The game received its first Japanese release when it was digitally re-released via the Nintendo 3DS Virtual Console in 2012. It was later added to the Nintendo Classics service in 2025.

==Reception==
The game has been met with generally favorable reviews. A writer of the UK publication Nintendo Magazine System awarded it a score of 71 percent, and described it as a "fairly jolly adaptation of the NES platform game [that] provides the fun, but is now getting rather long in the tooth". Joystiqs JC Fletcher said that it "advances significantly beyond its predecessor", yet "remains unquestionably Kid Icarus, the same weird game about shooting snakes falling out of inverted clay pots". A GamePro reviewer with the pseudonym "The Great McGillicuty" found the game's controls to be precise and accurate, and gave its gameplay the magazine's maximum score of five points. He said that the "music sets the mood", and that the graphics were fine in black and white, due to its large sprites and detailed backgrounds. IGN editor Audrey Drake called the game an "awesome sequel" because of its improvements over the gameplay of the original Kid Icarus.
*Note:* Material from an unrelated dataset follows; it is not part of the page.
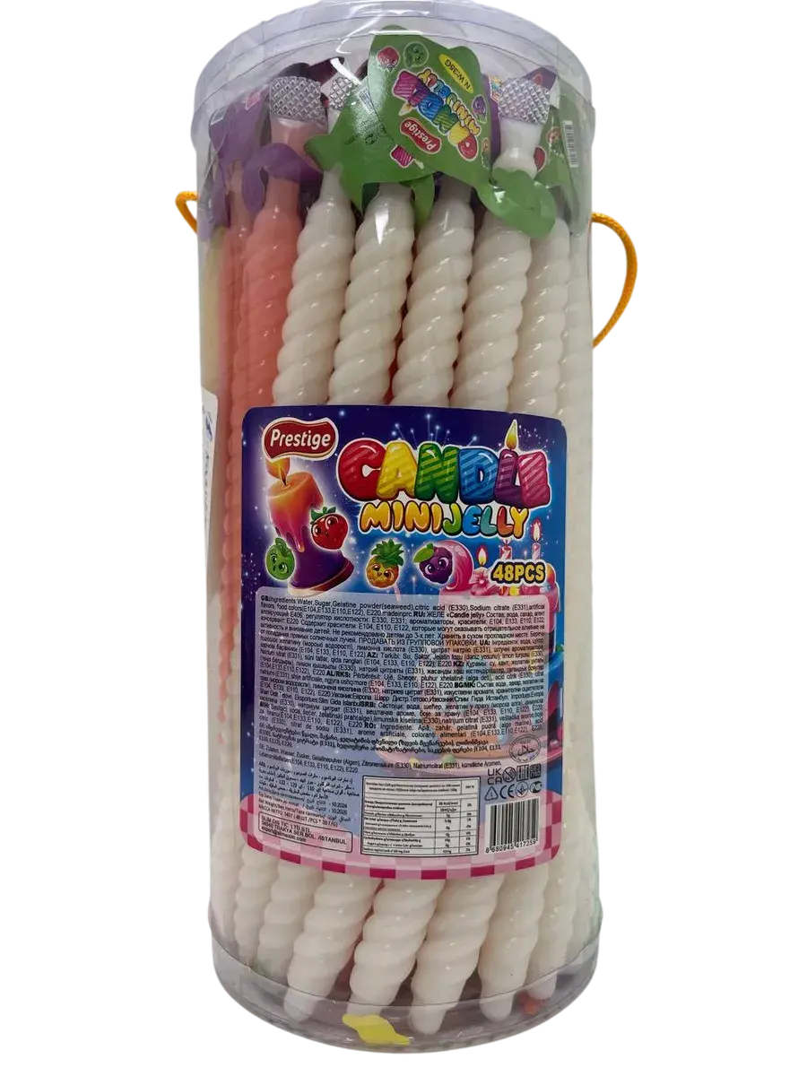 Турецкий производитель Prestige представляет фруктовое желейное ассорти в элегантной форме свечи, которое привносит атмосферу праздника в мир желейных сладостей. В каждой банке вас ждет 48 желейных изделий весом по 35 грамм каждое, где изысканная форма гармонично сочетается с насыщенным вкусом. Продукция включает четыре классических фруктовых вкуса: сочную клубнику, тропический ананас, освежающее яблоко и ароматный виноград.

Although she found it to be "not as punishing ... and, perhaps, not as memorable" as the NES game, she thought that Of Myths and Monsters was "a solid title that has undeservedly been all-but-forgotten". GameZones David Sanchez believed that it "faithfully captured the magic of the first game", and demanded a downloadable re-release for the Nintendo 3DS handheld console. Of Myths and Monsters is 18th in Nintendo Powers list of the 20 best Game Boy games. It remained the last installment in the Kid Icarus series for 21 years, until the 2012 third-person shooter Kid Icarus: Uprising for the Nintendo 3DS. The 3DS Virtual Console re-release was scored 8/10 in a Nintendo Life review.